Every factory has two kinds of knowledge. There's the kind that lives in binders — official manuals, error code sheets, maintenance schedules. And then there's the other kind: the stuff that lives in people's heads. The fix that only works if you tap the relay housing first. The paint sprayer that always throws a TEMP_OVERRUN_03 when the morning crew forgets to flush the line. The robot arm that needs a specific reboot sequence that was figured out three years ago by a technician who no longer works there.
This second kind of knowledge — tribal knowledge — is the thing that actually keeps a factory running. And it disappears constantly. Every retired technician, every shift handoff, every new hire learning on the job from scratch is a leak in the system. I built Shadow Floor Engineer because I got tired of watching that knowledge evaporate.
What the System Does and How It Hangs Together
Shadow Floor Engineer is a locally-deployed AI agent that acts as a conversational interface for factory floor shift leads and technicians.
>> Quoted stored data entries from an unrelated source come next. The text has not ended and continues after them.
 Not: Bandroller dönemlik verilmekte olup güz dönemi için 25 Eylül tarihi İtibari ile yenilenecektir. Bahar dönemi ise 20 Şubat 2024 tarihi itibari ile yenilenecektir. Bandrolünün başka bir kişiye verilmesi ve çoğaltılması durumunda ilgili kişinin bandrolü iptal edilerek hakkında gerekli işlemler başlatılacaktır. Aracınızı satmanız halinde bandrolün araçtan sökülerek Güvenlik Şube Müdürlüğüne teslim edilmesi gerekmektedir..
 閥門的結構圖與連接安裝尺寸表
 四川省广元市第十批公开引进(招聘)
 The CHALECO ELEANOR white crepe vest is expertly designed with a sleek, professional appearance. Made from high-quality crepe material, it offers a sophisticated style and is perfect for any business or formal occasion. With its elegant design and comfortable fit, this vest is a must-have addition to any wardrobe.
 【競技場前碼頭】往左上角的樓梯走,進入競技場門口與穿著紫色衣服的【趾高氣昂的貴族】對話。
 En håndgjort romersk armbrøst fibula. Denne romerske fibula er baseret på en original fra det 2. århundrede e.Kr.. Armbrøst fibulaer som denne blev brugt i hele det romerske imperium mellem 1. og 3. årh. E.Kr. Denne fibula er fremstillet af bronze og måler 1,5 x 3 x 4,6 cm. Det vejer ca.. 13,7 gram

Instead of handing someone a laminated error-code sheet when a machine fails, they open a browser tab and describe what's happening. The agent asks clarifying questions, surfaces relevant fixes — including ones pulled from previous shifts — and actively prompts the technician to document what actually worked in the chat.
That last part is the core of it. The agent isn't just answering questions. It's continuously absorbing new institutional memory. Every fix a technician types into the chat gets retained in a cloud memory graph. The next shift lead who hits the same error on the same machine gets the benefit of everything the previous team learned.
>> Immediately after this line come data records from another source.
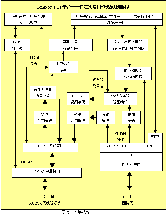圖3所示為網(wǎng)關(guān)重要組成的分解圖。網(wǎng)關(guān)機箱很可能是一個Compact PCI機箱,機箱中包含了作為網(wǎng)絡(luò)中一個節(jié)點的所有組件;镜囊曨l呼叫和瀏覽器應(yīng)用可以運行在主處理器上,但T1或E1接口需要由附加模塊來支持。為了支持大量的端口,還需要附加的以太網(wǎng)接口和自定義的視頻處理模塊。T1/E1接口通過公共電話網(wǎng)接入無線交換中心,也可以直接接入到無線交換中心。以太網(wǎng)接口會通過標(biāo)準(zhǔn)IP路由器接入到因特網(wǎng)。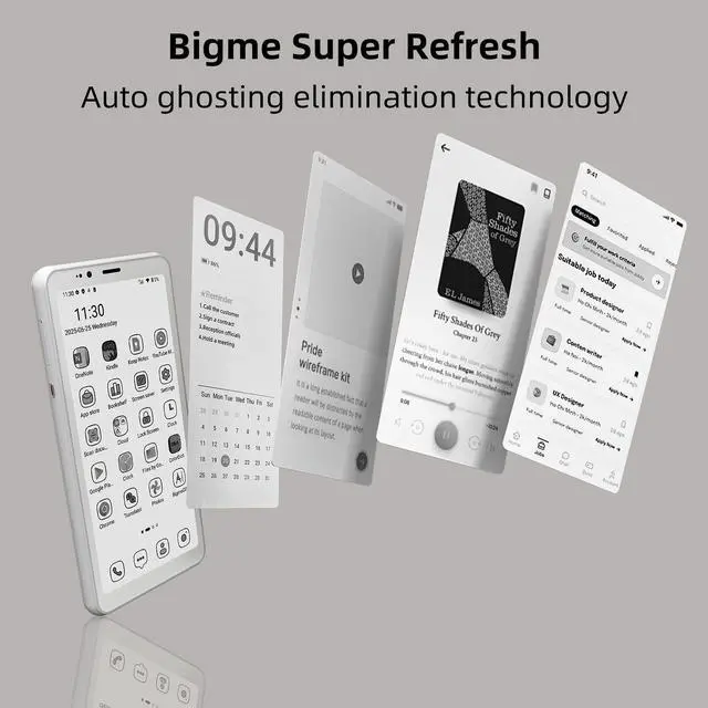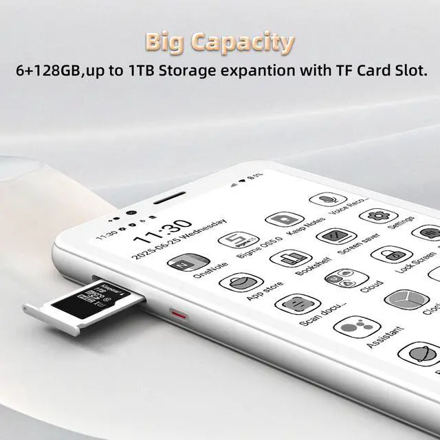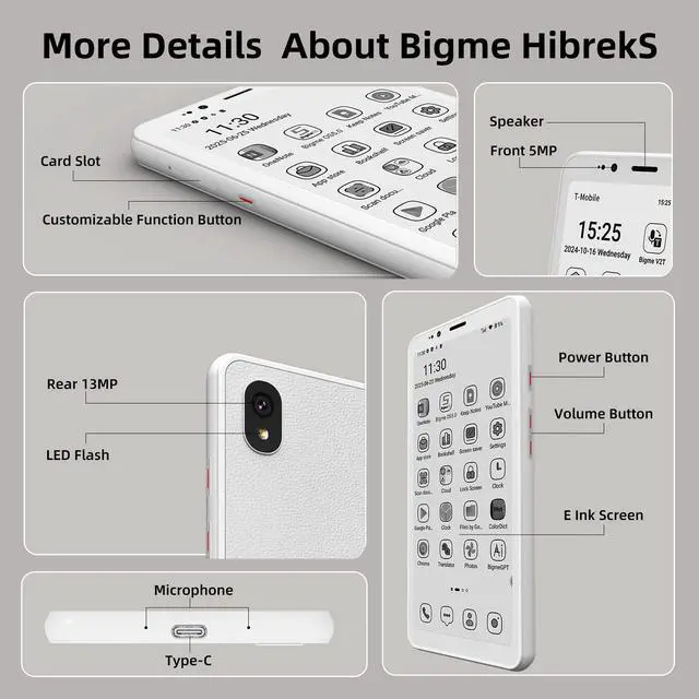 The Bigme HiBreakS E-Paper Smartphone combines smart performance with an eye-friendly display, designed for users who value clarity, efficiency, and long battery life. Featuring a 5.84-inch black and white e-paper screen, it offers an exceptional reading and browsing experience that reduces glare and eye strain. Powered by an octa-core processor and equipped with Android 14, this device ensures smooth multitasking and wide app compatibility. With 6GB of RAM and 128GB of internal storage, expandable up to 1TB via TF card, you can easily save your reading materials, photos, and documents. Its 3300mAh battery supports extended use, making it ideal for work, study, or leisure on the go. Dual cameras enhance photo capturing and video calling convenience, while 4G connectivity keeps you seamlessly connected wherever you are. Sleek and minimalist in design, the white Bigme HiBreakS E-Paper Smartphone delivers both performance and practicality in one lightweight package, offering a refreshing alternative for digital readers and multitaskers.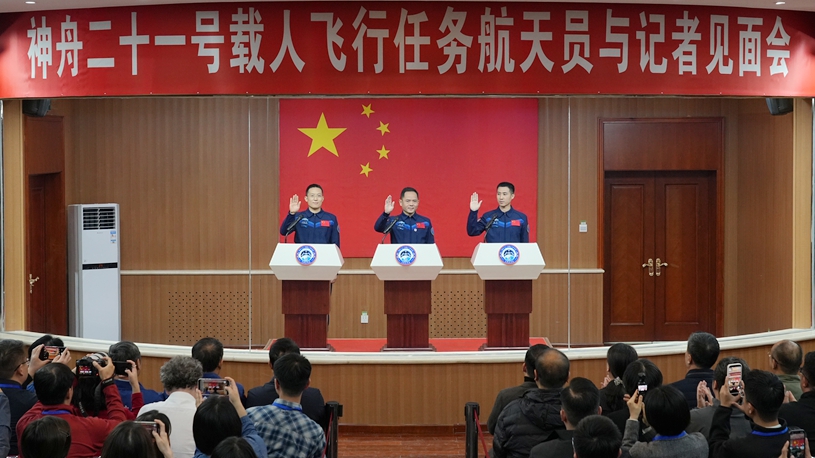 Astronautas de misión Shenzhou-21 de China se reúnen con la prensa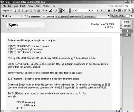 Открывая эти файлы в OneNote, вы увидите, что я создал закладки для большинства стандартных команд сценариев командной строки. Каждая закладка содержит страницы, на которых приводятся сведения о синтаксисе команды из справочной системы, а также несколько примеров ее использования. При двойном щелчке мышью по любому из файлов с расширением .one запускается OneNote, и пользователь получает доступ к содержимому этого файла, структурированному с помощью закладок. Можно самостоятельно добавлять в эти файлы команды, сценарии, фрагменты кода, формируя таким образом грамотно организованное хранилище сценариев.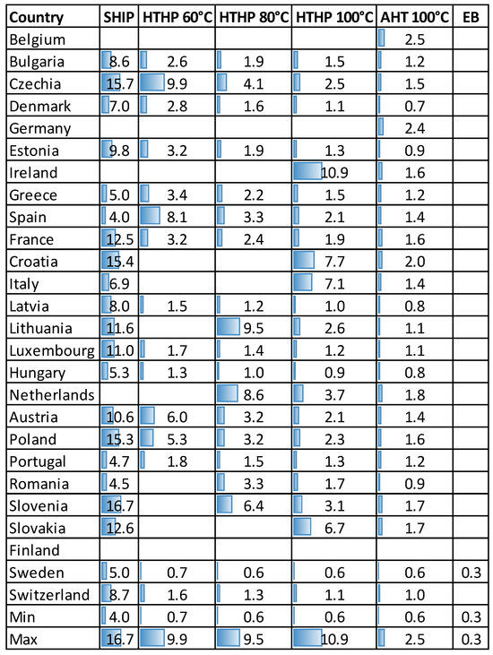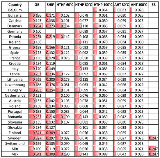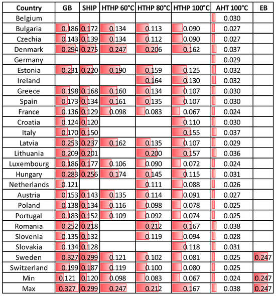 Figure 12 illustrates the LCOH of the different technologies whenever the investment is economically feasible. The lowest LCOH values are obtained with AHTs (ranging from 2.1 to 4.2 c€/kWh) depending on the country, followed by the HTHPs (3.8 to 19 c€/kWh). The SHIP LCOHs are in the range of 11.9 to 30.9 c€/kWh, which is close to the LCOHs values of GBs (10.0 to 34.1 c€/kWh). However, in countries with a high DNI, such as Spain, the LCOH of SHIP systems can reach values of around 13.2 c€/kWh, which is lower than 17.3 €/kWh (GB scenario in Spain). As in previous tables, the values of scenarios with payback periods below 20 years are not included. This is the case of Belgium in many scenarios, except for those with waste heat temperatures above 80 °C.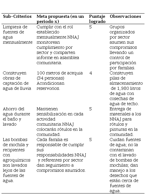 · Gestión de agua: Promoviendo acciones individuales y colectivas para la protección y conservación del agua en las comunidades (pozos, ojos de agua, lagunas, ríos y quebradas), a fin de aminorar los efectos generados por la escasez de agua y su incremento por efecto del cambio climático (Chávez Jiménez, 2012).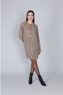 Elegantes, ausgestelltes Kleid aus besticktem Georgette mit Strasssteinen, langen Ärmeln und knielang. Perfekt für Feierlichkeiten und besondere Anlässe. Das Model ist 172 cm groß und trägt Größe S. Passform: regulär.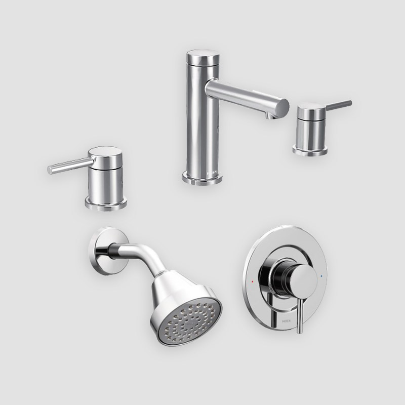Bathroom Faucet(s) – Moen: 2 Sinks, Shower: Align Widespread: Chrome: T6193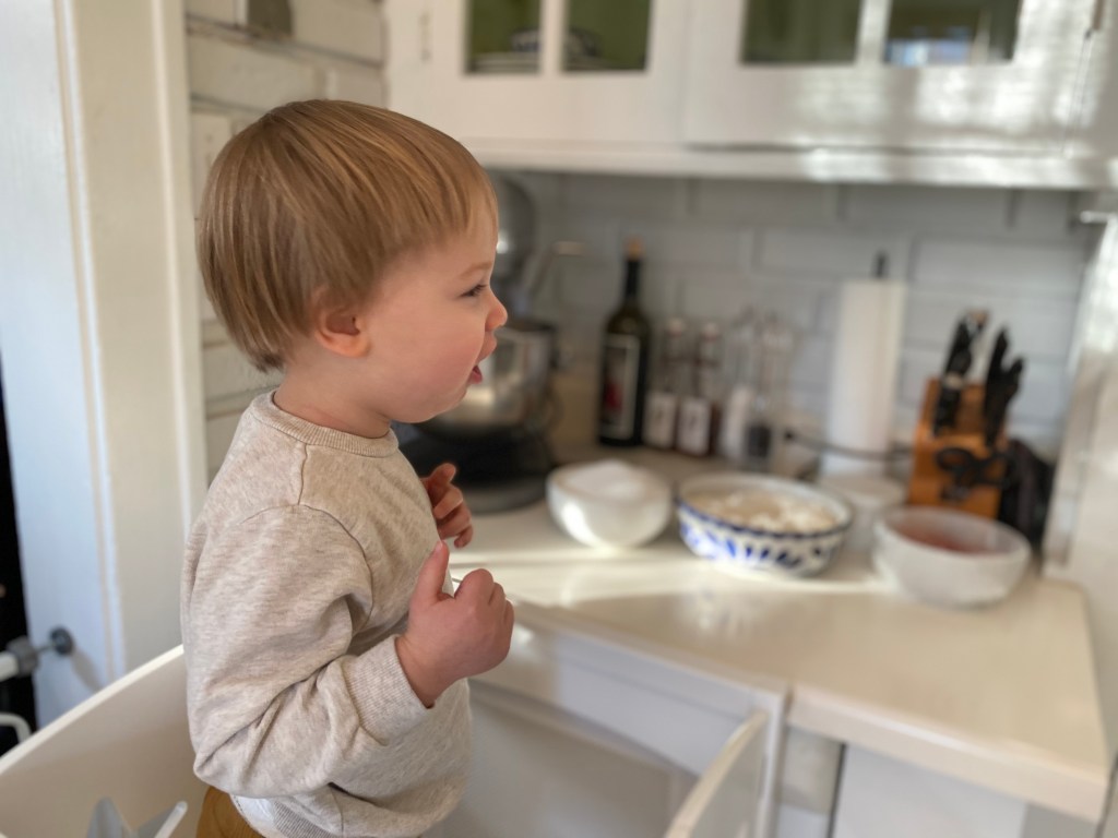 Lucky for us, Jack does show an interest in cooking. Or maybe not cooking specifically, but he loves to help with whatever it is Andrew and I are doing whether its cooking, unloading the dishwasher, or folding laundry. So we have taken advantage of this and allow him to help and be involved whenever the opportunity presents itself.

The stack is deliberately minimal:
• Flask (Python) as the backend API layer
• Groq Cloud API for fast LLM inference
• Hindsight Global Memory (Vectorize.io) as the persistent memory layer — specifically the factory1 memory bank
• A lightweight HTML/Vanilla JS frontend with glassmorphism styling — chosen so it runs on a factory floor tablet without any build toolchain
The Core Problem: Cold Starts and Knowledge Rot
The naïve version of this project would have been simple: hook a chat UI to an LLM and call it done. That version has a fatal flaw. A generic language model knows what a HYDRAULIC_FAULT_07 means in textbook terms. It does not know that on this specific press in this facility, that fault code almost always means the left side pressure sensor needs to be reset before the hydraulic line is pressurized — a quirk that was discovered the hard way after two hours of diagnostic dead-ends on a night shift.
So the system needed real memory. Not just context window memory — full persistent memory that accumulates across sessions, shifts, and weeks. That's where Hindsight comes in. Hindsight provides an agent memory layer that handles both retention (storing observations) and recall (retrieving relevant past context). I used it to maintain a continuously evolving knowledge graph specifically scoped to the factory1 memory bank.
The system handles two distinct situations. The first is a cold start — a query about a machine or error the agent has never encountered before. In that case, it falls back to the LLM's base training and gives a standard diagnostic response. But critically, it then prompts the technician explicitly: "What did you actually try? What ended up working?" That response isn't just a conversational reply. It immediately triggers a hindsight.retain() call and gets written to the memory graph.
The second situation is a warm start — a query about something the agent has seen before. Here, the Hindsight recall layer surfaces relevant past fixes before the LLM even generates a response, which means the agent's first answer to a returning problem already incorporates what worked last time. The difference in quality is noticeable.
Inside the Backend: Retain and Recall
The backend logic in backend.py is straightforward by design. Every incoming technician message goes through a two-step pipeline:
Step one — recall. Before constructing the prompt for Groq, the system queries Hindsight for relevant prior observations:
Retrieve relevant past fixes from Hindsight memory
recalled = hindsight_client.recall(
query=user_message,
bank='factory1',
top_k=5
)
Inject recalled context into the system prompt
memory_context = '\n'.join([m['content'] for m in recalled])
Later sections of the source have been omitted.